▶ _Record excerpts_

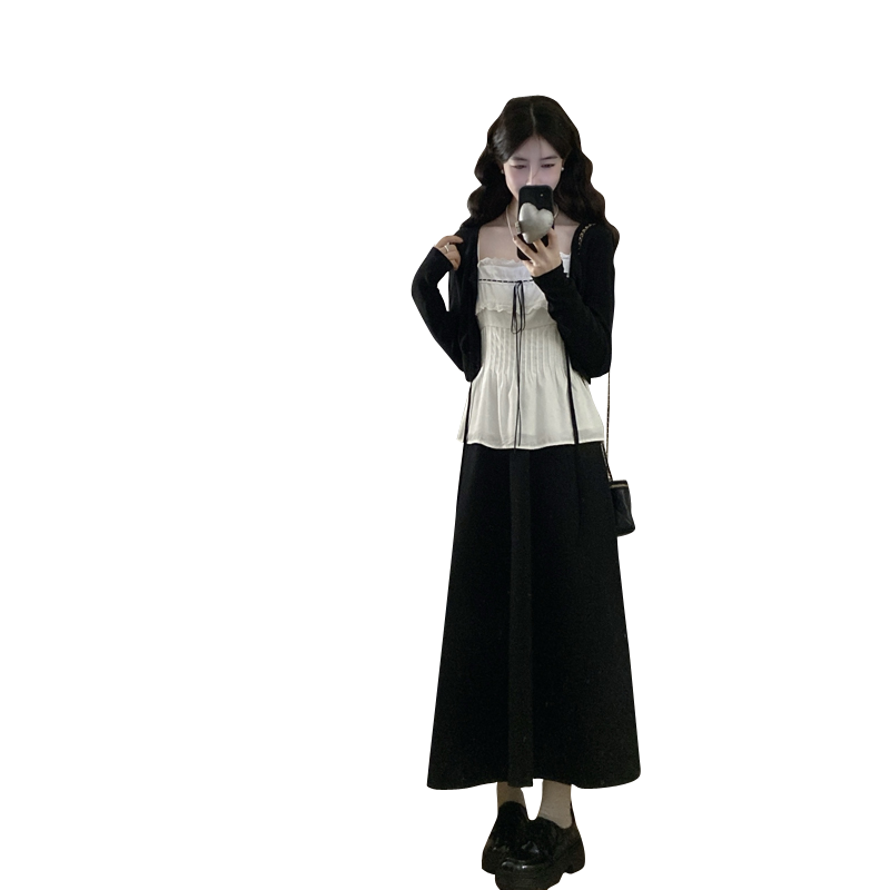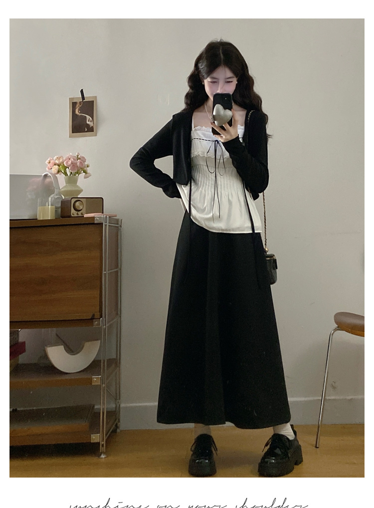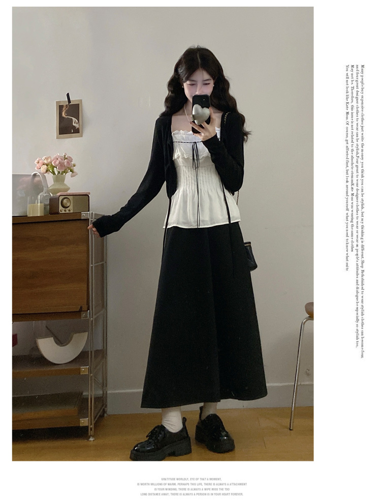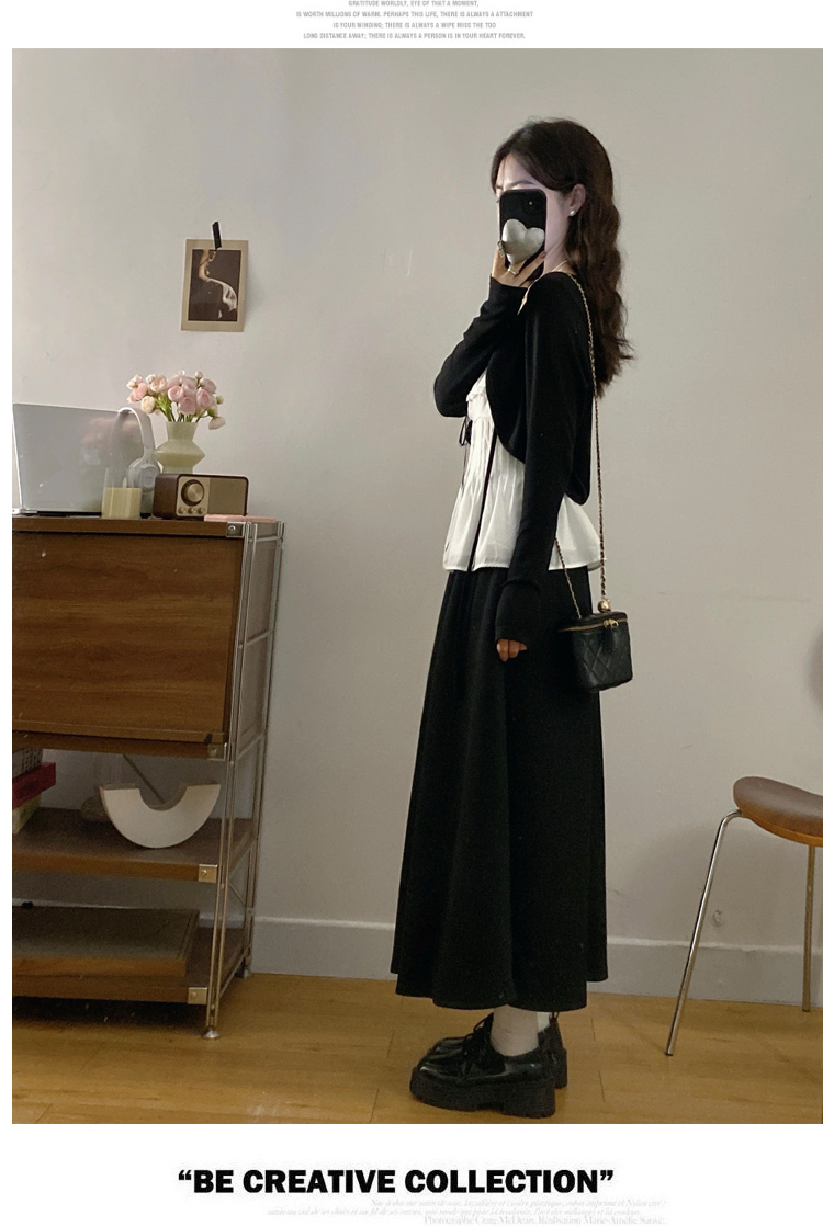 실사 빅 사이즈 여성 의류 슬림해 보이는 3종 세트 디자인 센스 품격 슬립 맨위 오픈 가디건 투피스 세트 반신 스커트
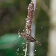 This one was spotted on my last walk down the garden before bed last night. It was up on the West Wing, hunting along the grooves in the stepping stones under the Ivy tree, amongst the rotting remnants of the winter. During the same walk I saw at least fifteen more in the big pond, and one in the small pond. This morning the pond diary gains a bird photograph. Back in January I mentioned that one of the Reedmace seed heads had been attacked by a bird. It wasn't long before the head was stripped clean, not by birds, but by winds.
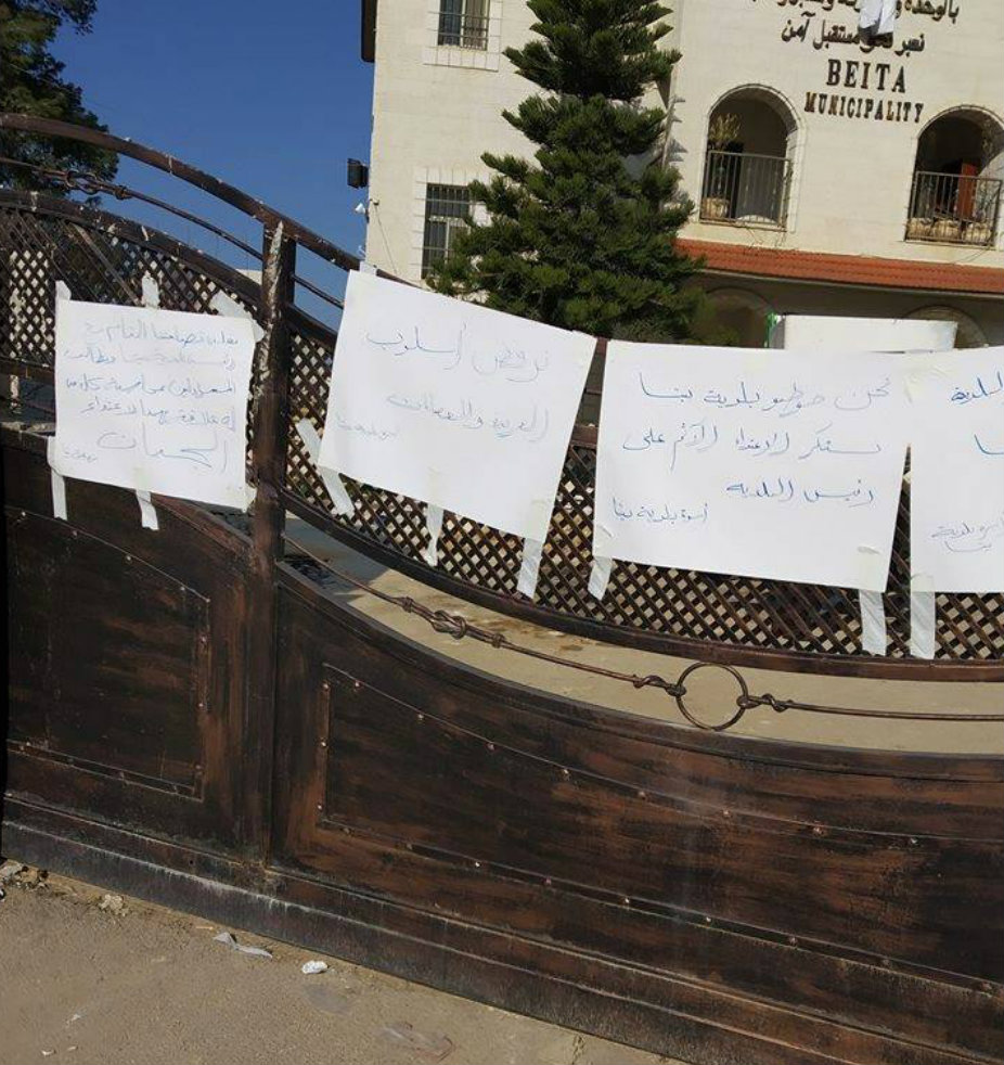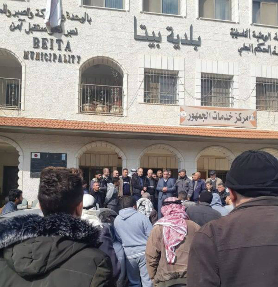 نظم أعضاء بلدية بيتا والعاملون فيها، صباح الخميس 21.02.2019، وقفة احتجاجية أمام مقر البلدية، للتعبير عن رفضهم للاعتداء على رئيس البلدية فؤاد معالي (أبو رأفت)، والذي تمثل بإطلاق النيران عليه ليلة أمس.
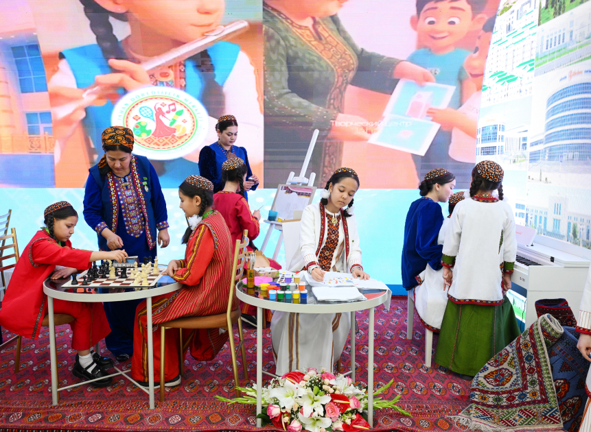 Qonaqlar əvvəlcə Türkmənistanın zəngin mədəni irsini və bugünkü uğurlarını nümayiş etdirən sərgi ilə tanış olublar. Ekspozisiyada ölkənin müxtəlif sahələrdə uğurlarını əyani təqdim edən, qadınların dövlət quruculuğu, iqtisadiyyat, elm, təhsil və səhiyyədə fəal iştirakını göstərən stendlər də yer alıb.
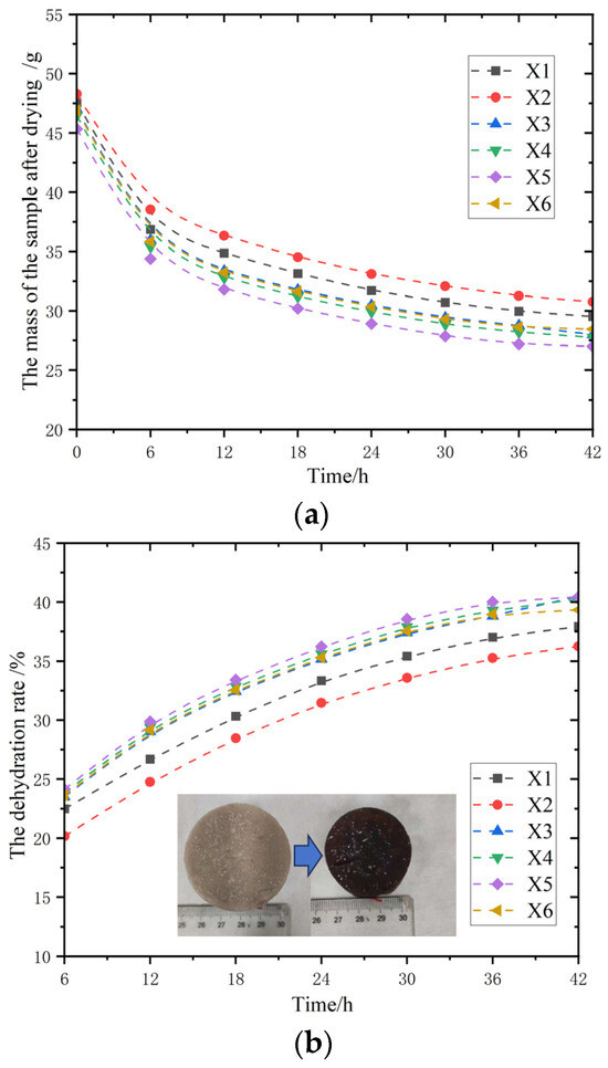 Figure 12a shows the mass–time relationship graph of the samples after drying. Within the initial 6 h, the absolute values of the slopes of each curve are relatively large, indicating that in the initial stage of drying, the mass of all samples decreases at a relatively fast rate, and during the initial stage of drying, moisture rapidly detaches from the samples. During the intermediate stage of 6–24 h, the absolute values of the slopes of each curve decreased, indicating that the rate of decline in the sample mass slowed down. For example, in the X1 curve, the slope changes significantly, indicating that the rate at which moisture detaches from the sample slows down at this time, and the sample gradually enters a slow drying process. After 24 h in the later stage, the slopes of each curve tend to level off and approach 0, indicating that the sample quality tends to stabilize, the moisture content basically no longer changes, and the drying process is approaching the end.
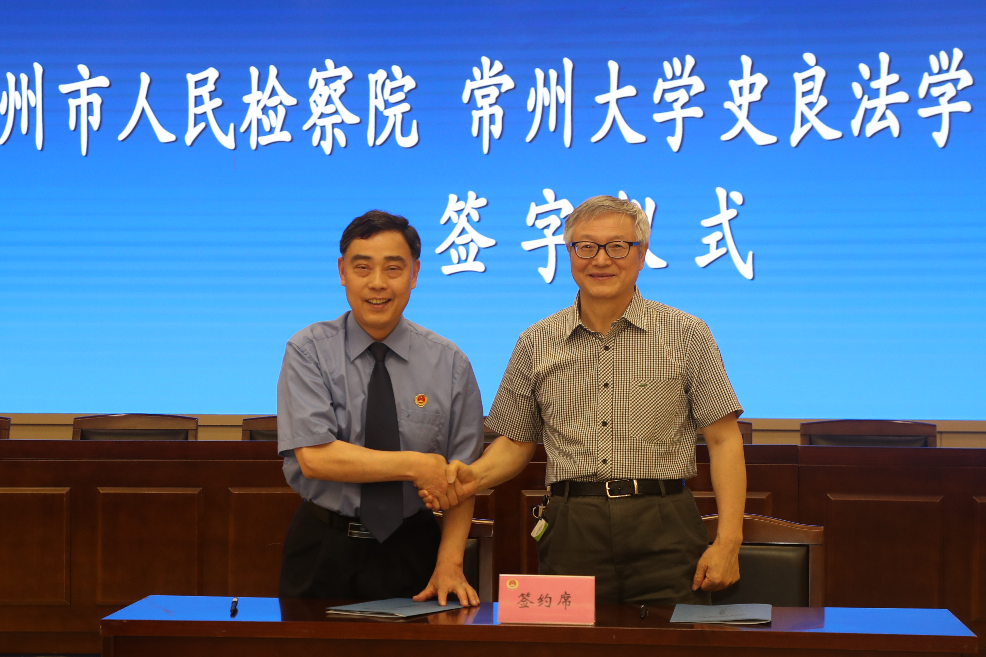 常州大学和常州市检察院于6月18日下午在常州市检察院举行“检察案例研究中心”启动仪式,常州大学党委书记陈群、常州市检察院党组书记、检察长葛志军、常州市检察党组成员、副检察长王建国、法律政策研究室主任周剑、常州大学党办校办主任周刚、全国政协委员、史良法学院院长曹义孙教授、学院党委书记秦义、刑法所所长赵赤等出席启动仪式。
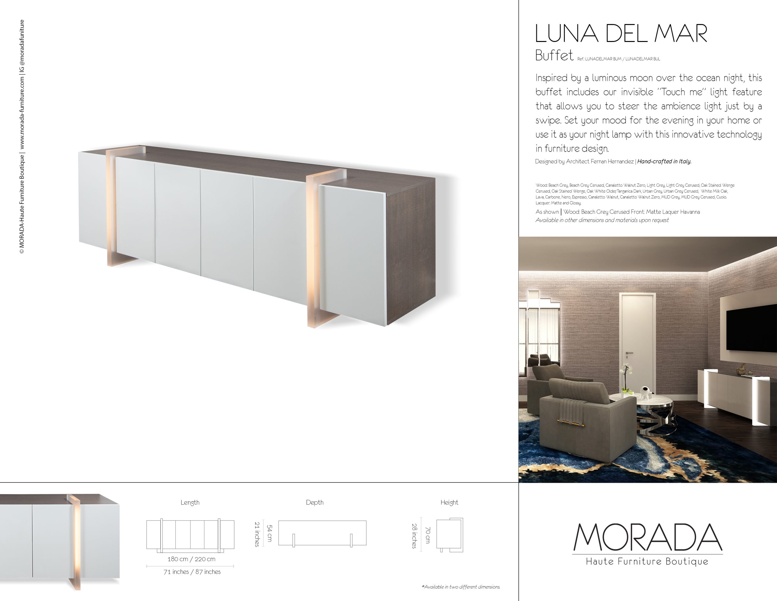 Inspired by a luminous moon over the ocean night, this buffet includes our invisible ‘Touch me’ light feature that allows you to steer the ambience light just by a swipe. Set your mood for the evening in your home or use it as your night lamp with this innovative technology in furniture design.
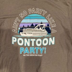 Celebrate in style with this gray Pontoon Party graphic tee. Perfect for casual outings and summer vibes.
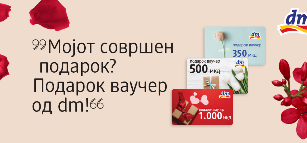 Повеќе информации можете да најдете на веб страницата на dm: Подарок ваучери | dm Македонија
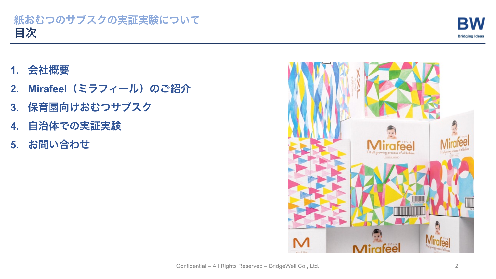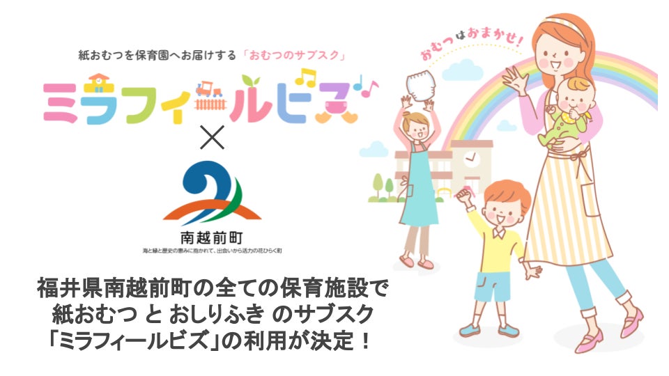 株式会社ブリッジウェル(本社:東京都江東区)は、2022年11月より福井県南越前町の町内全ての保育施設において、保育施設向け紙おむつのサブスク「ミラフィールビズ」が採用されることをお知らせします。自治体では初めての導入となります。

▶ _What this task involves_
Print the material above word for word, first line through the line with "Qonaqlar əvvəlcə Türkmənistanın", and leave every picture out.

▶ _Response below_
 실사 빅 사이즈 여성 의류 슬림해 보이는 3종 세트 디자인 센스 품격 슬립 맨위 오픈 가디건 투피스 세트 반신 스커트
 This one was spotted on my last walk down the garden before bed last night. It was up on the West Wing, hunting along the grooves in the stepping stones under the Ivy tree, amongst the rotting remnants of the winter. During the same walk I saw at least fifteen more in the big pond, and one in the small pond. This morning the pond diary gains a bird photograph. Back in January I mentioned that one of the Reedmace seed heads had been attacked by a bird. It wasn't long before the head was stripped clean, not by birds, but by winds.
 نظم أعضاء بلدية بيتا والعاملون فيها، صباح الخميس 21.02.2019، وقفة احتجاجية أمام مقر البلدية، للتعبير عن رفضهم للاعتداء على رئيس البلدية فؤاد معالي (أبو رأفت)، والذي تمثل بإطلاق النيران عليه ليلة أمس.
 Qonaqlar əvvəlcə Türkmənistanın zəngin mədəni irsini və bugünkü uğurlarını nümayiş etdirən sərgi ilə tanış olublar. Ekspozisiyada ölkənin müxtəlif sahələrdə uğurlarını əyani təqdim edən, qadınların dövlət quruculuğu, iqtisadiyyat, elm, təhsil və səhiyyədə fəal iştirakını göstərən stendlər də yer alıb.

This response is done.